- WORK REQUIRED:
Exactly the lines below, starting with the one containing "Le sélecteur est" and going on through the one containing "Download or print", must be reproduced, both ends included, and no pictures with them.

- DATA SUPPLIED:
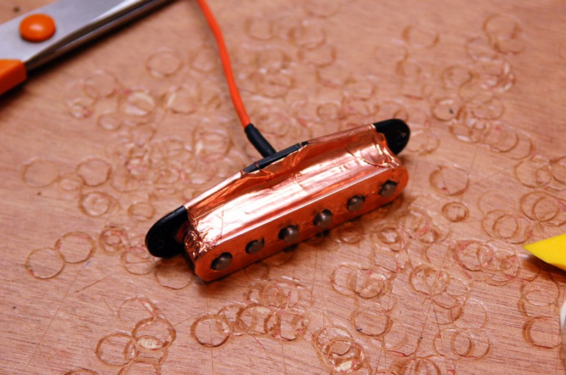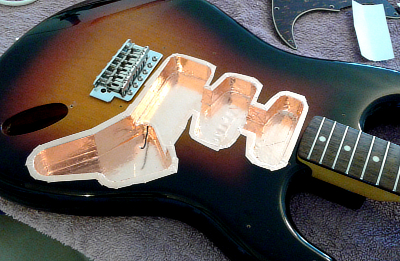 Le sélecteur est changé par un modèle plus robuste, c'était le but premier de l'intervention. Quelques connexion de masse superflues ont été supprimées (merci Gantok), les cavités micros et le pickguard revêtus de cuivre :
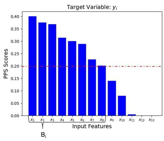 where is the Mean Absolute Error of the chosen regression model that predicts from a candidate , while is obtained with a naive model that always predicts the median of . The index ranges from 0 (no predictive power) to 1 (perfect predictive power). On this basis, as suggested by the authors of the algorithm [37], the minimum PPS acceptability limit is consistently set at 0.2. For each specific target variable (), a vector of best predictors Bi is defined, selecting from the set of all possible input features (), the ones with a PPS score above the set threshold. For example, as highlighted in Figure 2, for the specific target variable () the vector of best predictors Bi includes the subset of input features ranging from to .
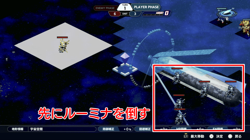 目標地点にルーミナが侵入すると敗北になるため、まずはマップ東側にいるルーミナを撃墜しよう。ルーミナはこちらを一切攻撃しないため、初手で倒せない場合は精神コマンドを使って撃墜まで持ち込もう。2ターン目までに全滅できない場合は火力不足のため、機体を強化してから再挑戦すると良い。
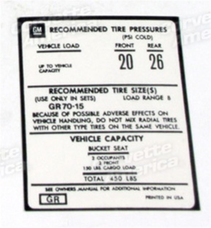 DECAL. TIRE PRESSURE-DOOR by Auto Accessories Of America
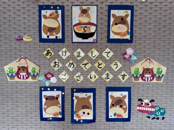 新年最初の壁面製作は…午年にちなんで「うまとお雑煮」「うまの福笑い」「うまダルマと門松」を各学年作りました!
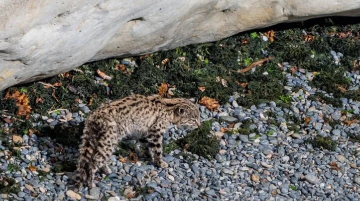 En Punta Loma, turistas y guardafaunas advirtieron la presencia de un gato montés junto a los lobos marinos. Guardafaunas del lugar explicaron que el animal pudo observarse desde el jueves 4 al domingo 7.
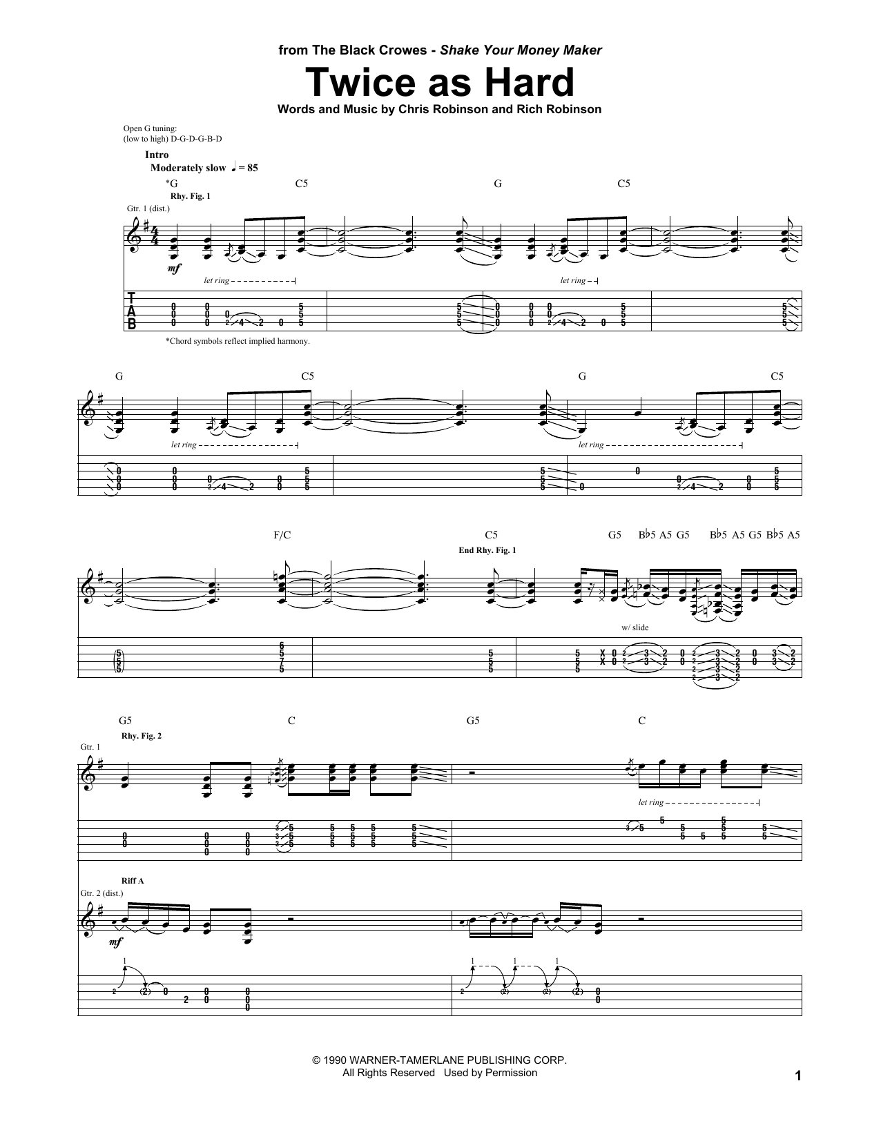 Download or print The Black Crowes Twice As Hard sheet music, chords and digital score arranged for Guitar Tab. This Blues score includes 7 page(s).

--

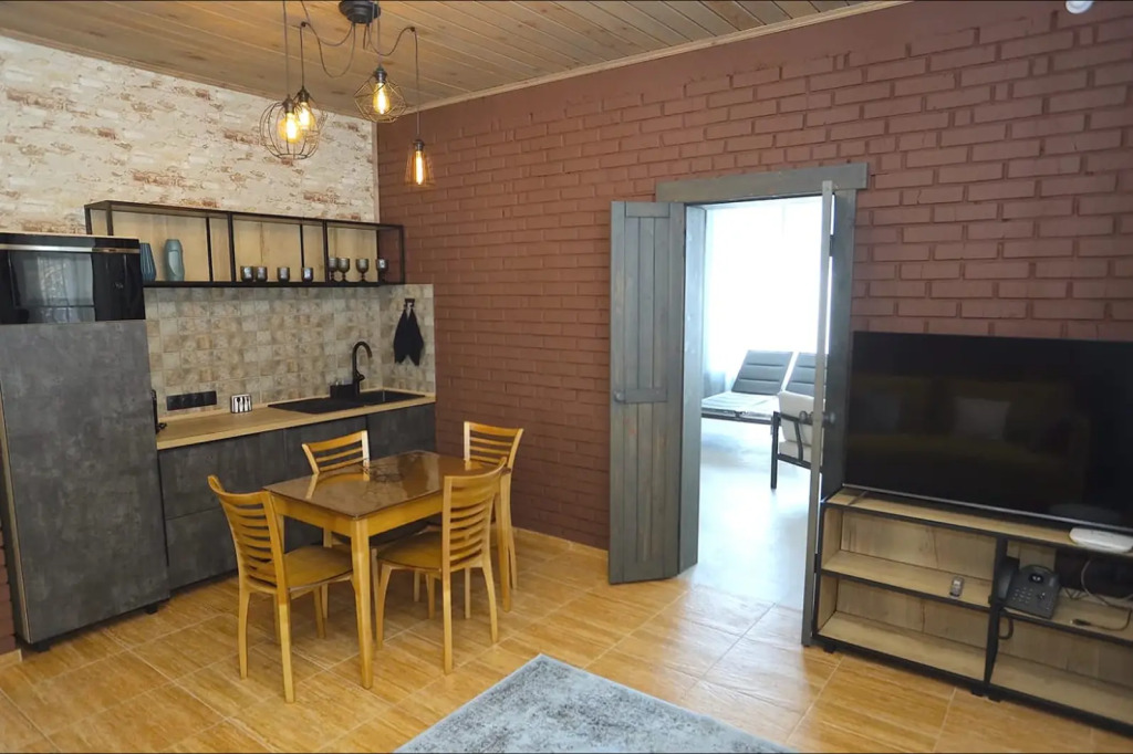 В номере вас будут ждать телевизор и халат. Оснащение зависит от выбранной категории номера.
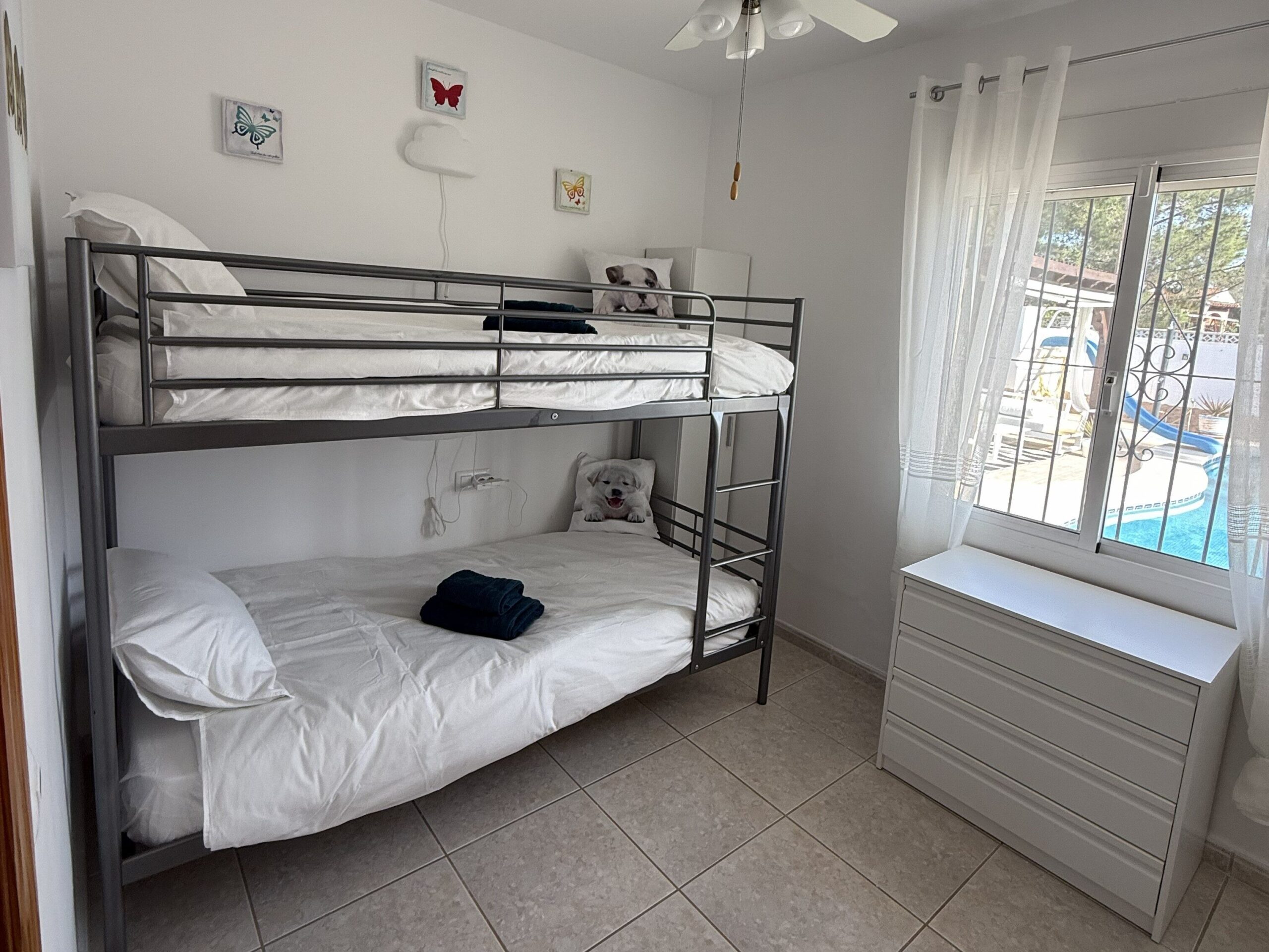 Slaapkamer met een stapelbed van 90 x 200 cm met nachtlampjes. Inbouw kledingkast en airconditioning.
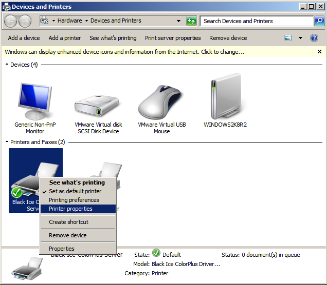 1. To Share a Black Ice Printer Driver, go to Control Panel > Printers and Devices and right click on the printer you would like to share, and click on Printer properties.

==

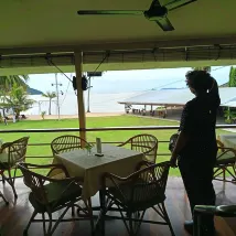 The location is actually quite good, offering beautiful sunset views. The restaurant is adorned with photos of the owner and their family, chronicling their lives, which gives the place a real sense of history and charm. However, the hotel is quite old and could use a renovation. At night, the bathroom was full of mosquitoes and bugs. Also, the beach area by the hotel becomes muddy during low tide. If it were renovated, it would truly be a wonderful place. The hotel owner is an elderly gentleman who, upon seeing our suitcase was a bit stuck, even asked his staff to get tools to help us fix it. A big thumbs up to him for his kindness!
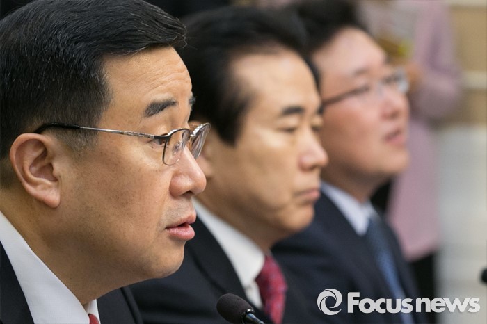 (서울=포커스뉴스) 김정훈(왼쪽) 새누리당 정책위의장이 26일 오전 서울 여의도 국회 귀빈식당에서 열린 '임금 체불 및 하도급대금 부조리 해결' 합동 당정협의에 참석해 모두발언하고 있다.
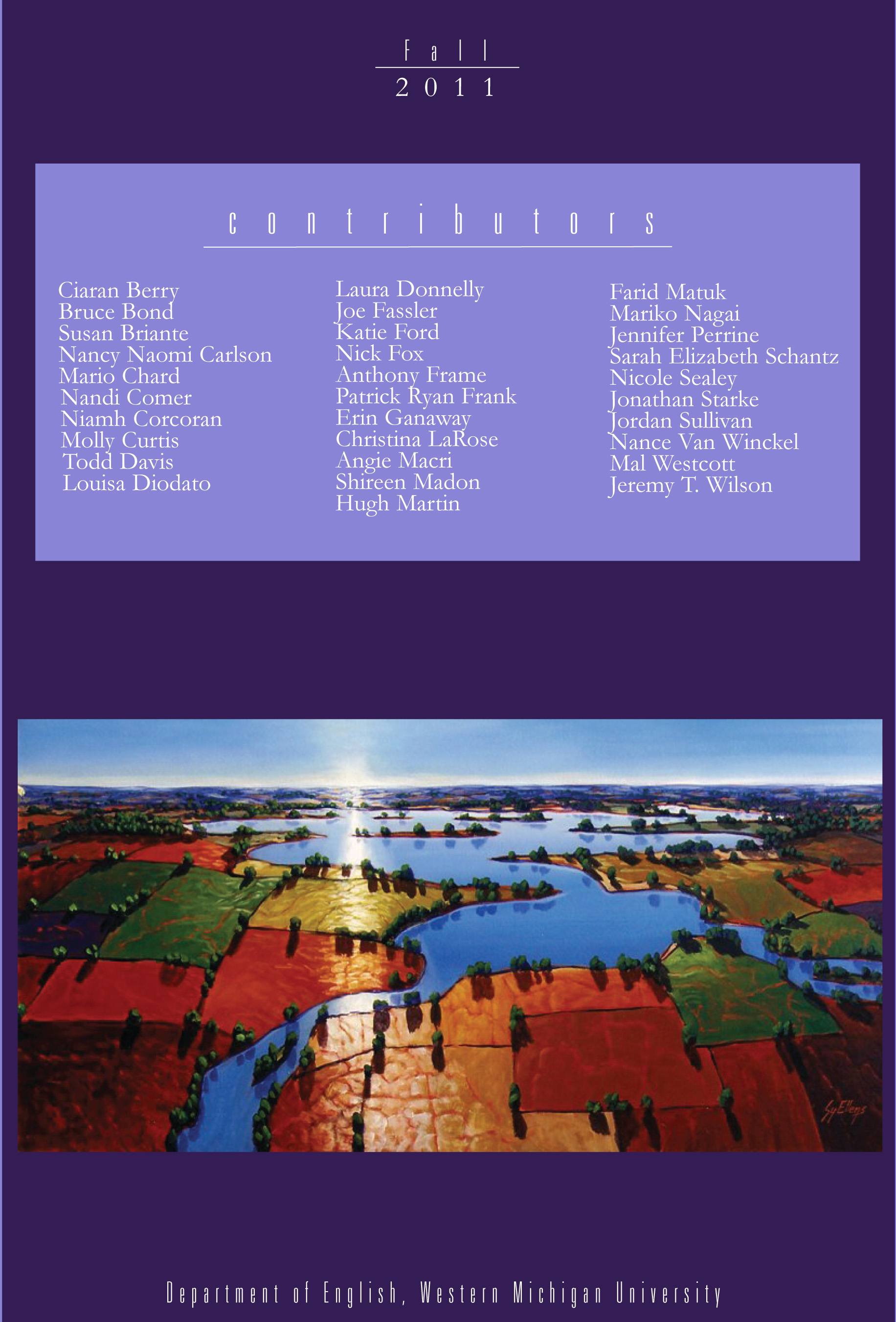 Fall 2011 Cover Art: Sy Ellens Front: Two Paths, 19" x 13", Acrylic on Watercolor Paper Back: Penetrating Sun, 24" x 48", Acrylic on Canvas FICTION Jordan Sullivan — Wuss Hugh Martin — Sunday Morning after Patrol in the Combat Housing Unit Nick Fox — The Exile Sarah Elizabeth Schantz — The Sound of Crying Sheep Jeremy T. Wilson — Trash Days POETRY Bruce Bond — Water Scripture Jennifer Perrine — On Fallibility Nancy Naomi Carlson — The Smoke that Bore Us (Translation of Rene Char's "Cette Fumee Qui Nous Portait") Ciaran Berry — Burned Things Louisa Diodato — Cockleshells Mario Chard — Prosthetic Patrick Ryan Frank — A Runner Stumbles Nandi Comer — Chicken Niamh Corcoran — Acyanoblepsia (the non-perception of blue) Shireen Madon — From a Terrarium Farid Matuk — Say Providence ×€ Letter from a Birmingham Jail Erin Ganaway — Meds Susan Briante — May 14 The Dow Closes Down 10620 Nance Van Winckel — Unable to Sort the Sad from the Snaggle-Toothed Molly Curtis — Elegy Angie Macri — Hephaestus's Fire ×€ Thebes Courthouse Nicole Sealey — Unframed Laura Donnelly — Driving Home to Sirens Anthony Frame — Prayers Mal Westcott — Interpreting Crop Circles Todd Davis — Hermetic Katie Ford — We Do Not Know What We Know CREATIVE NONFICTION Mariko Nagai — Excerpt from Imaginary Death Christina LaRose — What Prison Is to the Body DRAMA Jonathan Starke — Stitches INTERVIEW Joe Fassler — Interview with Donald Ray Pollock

- RESULT OF THIS TASK:
 Le sélecteur est changé par un modèle plus robuste, c'était le but premier de l'intervention. Quelques connexion de masse superflues ont été supprimées (merci Gantok), les cavités micros et le pickguard revêtus de cuivre :
 where is the Mean Absolute Error of the chosen regression model that predicts from a candidate , while is obtained with a naive model that always predicts the median of . The index ranges from 0 (no predictive power) to 1 (perfect predictive power). On this basis, as suggested by the authors of the algorithm [37], the minimum PPS acceptability limit is consistently set at 0.2. For each specific target variable (), a vector of best predictors Bi is defined, selecting from the set of all possible input features (), the ones with a PPS score above the set threshold. For example, as highlighted in Figure 2, for the specific target variable () the vector of best predictors Bi includes the subset of input features ranging from to .
 目標地点にルーミナが侵入すると敗北になるため、まずはマップ東側にいるルーミナを撃墜しよう。ルーミナはこちらを一切攻撃しないため、初手で倒せない場合は精神コマンドを使って撃墜まで持ち込もう。2ターン目までに全滅できない場合は火力不足のため、機体を強化してから再挑戦すると良い。
 DECAL. TIRE PRESSURE-DOOR by Auto Accessories Of America
 新年最初の壁面製作は…午年にちなんで「うまとお雑煮」「うまの福笑い」「うまダルマと門松」を各学年作りました!
 En Punta Loma, turistas y guardafaunas advirtieron la presencia de un gato montés junto a los lobos marinos. Guardafaunas del lugar explicaron que el animal pudo observarse desde el jueves 4 al domingo 7.
 Download or print The Black Crowes Twice As Hard sheet music, chords and digital score arranged for Guitar Tab. This Blues score includes 7 page(s).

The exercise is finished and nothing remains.